Rakoff danced a lot as a child, “like a straight boy obsessed with baseball, except . . . better.” He took more serious dance training in college and then in Manhattan, where the classes became “an exercise in humiliation.” He concludes that this was all “a version of myself that’s long since ceased to exist.”
Then he moves away from the lectern and — to a recording of the aching Irving Berlin ballad “What’ll I Do?” — he begins to dance. He dances intently, with a precise grace. He’s a superb showman, and he knows that the moment is both gorgeous and heartbreaking.
Rakoff died three months later, at 47. I’ve watched this video countless times, and I always think, with regard to life and death and dancing: That’s how it’s done.
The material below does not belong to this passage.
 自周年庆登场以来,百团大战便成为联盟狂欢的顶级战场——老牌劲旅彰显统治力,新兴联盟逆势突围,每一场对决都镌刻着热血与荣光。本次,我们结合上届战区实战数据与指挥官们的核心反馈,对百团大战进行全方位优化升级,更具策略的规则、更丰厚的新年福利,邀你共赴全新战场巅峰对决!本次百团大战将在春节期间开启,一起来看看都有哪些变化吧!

I knew David just a bit, and I happily blurbed the first of his three collections of morally fervid, gleefully caustic essays. (To quote one example, about his early attempt at a publishing career: After a particularly troublesome author lapses into unconsciousness following cosmetic surgery, Rakoff e-mails a friend, “Do you think her being in a coma will affect the quality of her writing?” To quote another, about the Hodgkin’s disease that first surfaced in his 20s: “Even though laughter may well be ‘the best medicine,’ it is not, in point of fact, actual medicine.”)
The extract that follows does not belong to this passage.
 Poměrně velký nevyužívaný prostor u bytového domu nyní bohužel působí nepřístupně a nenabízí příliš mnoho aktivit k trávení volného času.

Yet by all rights I should hate Rakoff’s newly published novel, “Love, Dishonor, Marry, Die, Cherish, Perish” — and not just because it’s so awful to contemplate a world without any more David Rakoff books, or any more David Rakoff. No, I should hate this book because it’s written entirely in verse, and I am a committed poetryphobe. I am a crass and ignorant person who considers all poetry, from Shakespeare on down, to be a complete hoax. Like a bore at a cocktail party, most poems discuss only the weather, their feelings and that little gray bird they saw on their way to work. As with yogurt and math, I’m convinced that anyone who claims to enjoy poetry is lying.
But here’s the miracle of “Love, Dishonor, Marry, Die, Cherish, Perish” (which I will henceforth, and justifiably, refer to as “Love”): It’s an extraordinary and deliriously entertaining work. It didn’t make me love poetry, but it certainly affirmed my love for David Rakoff.